◆ MATERIAL PROVIDED:
───
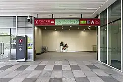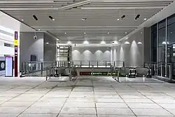 The station has 9 entrances/exits. Among them, Exits F, G and H, located in the arrival concourse on the first underground floor of the national railway station is entry only (into the metro station), and one-way security check measures are implemented so that passengers can take the metro without having to go through security again after exiting the national railway station.[7][8]
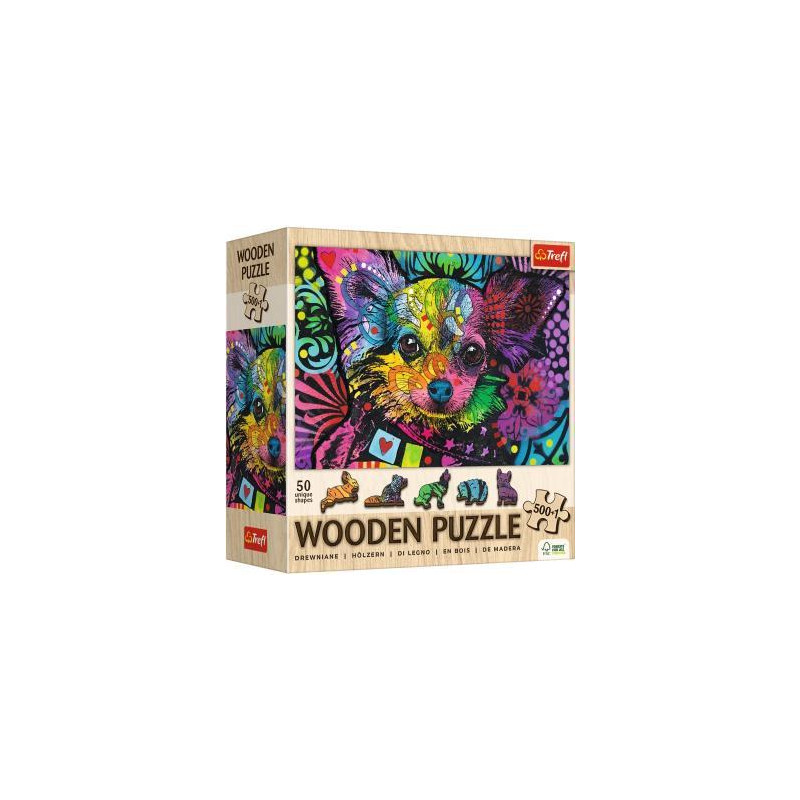 Seria puzzli jest idealna dla wszystkich miłośników układanek, pozwoli stworzyć obraz przedstawiający artystyczny portret psa. Układanka została wykonana z drewna, a opakowanie przyjazne środowisku w całości z tektury. Puzzle zawierają nieregularne elementy oraz 50 figurek.
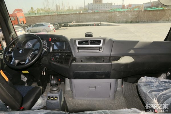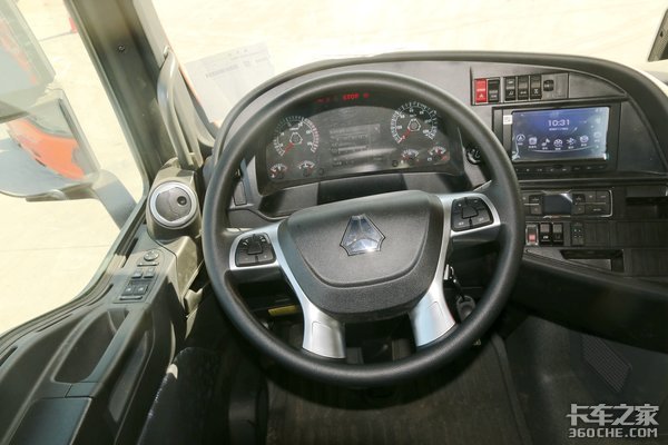 重汽品牌惯用的四幅式方向盘使用银色面板进行装饰,提升了视觉效果。两侧集成的多功能按键也极大方便了在驾驶过程中对多媒体等设备的操作,有利于将驾驶员的视线集中在道路中去,提高行驶安全。
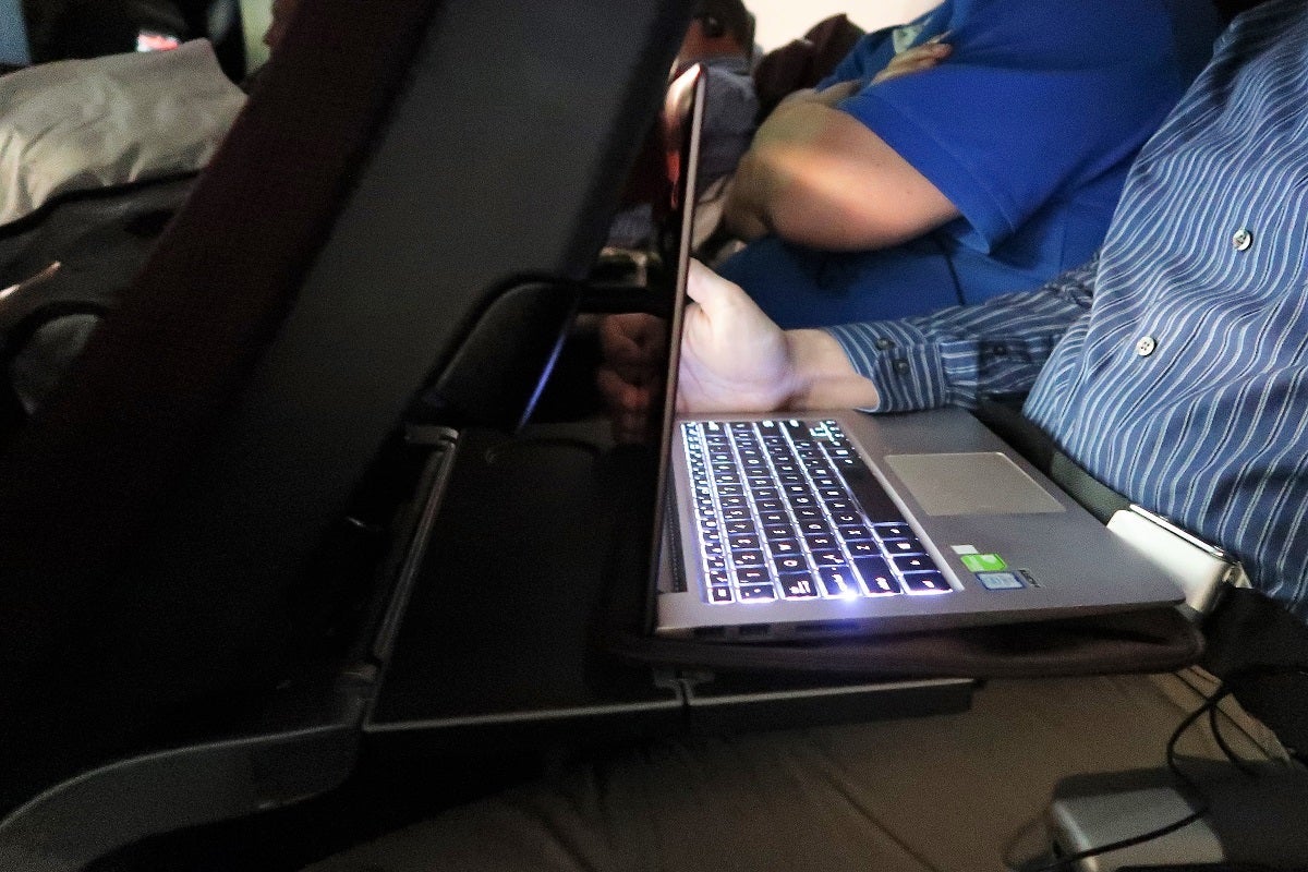 Speaking of seat recline, it's a mixed bag. The seats do recline a full six inches. This is great if you're trying to go to sleep. But, it means that you can't work on your laptop if the passenger in front of you reclines — as he did for almost this entire flight.
───
◆ WHAT IS REQUIRED: Everything in the data except the pictures must appear in your answer unchanged.

◆ EXERCISE ANSWER:
 The station has 9 entrances/exits. Among them, Exits F, G and H, located in the arrival concourse on the first underground floor of the national railway station is entry only (into the metro station), and one-way security check measures are implemented so that passengers can take the metro without having to go through security again after exiting the national railway station.[7][8]
 Seria puzzli jest idealna dla wszystkich miłośników układanek, pozwoli stworzyć obraz przedstawiający artystyczny portret psa. Układanka została wykonana z drewna, a opakowanie przyjazne środowisku w całości z tektury. Puzzle zawierają nieregularne elementy oraz 50 figurek.
 重汽品牌惯用的四幅式方向盘使用银色面板进行装饰,提升了视觉效果。两侧集成的多功能按键也极大方便了在驾驶过程中对多媒体等设备的操作,有利于将驾驶员的视线集中在道路中去,提高行驶安全。
 Speaking of seat recline, it's a mixed bag. The seats do recline a full six inches. This is great if you're trying to go to sleep. But, it means that you can't work on your laptop if the passenger in front of you reclines — as he did for almost this entire flight.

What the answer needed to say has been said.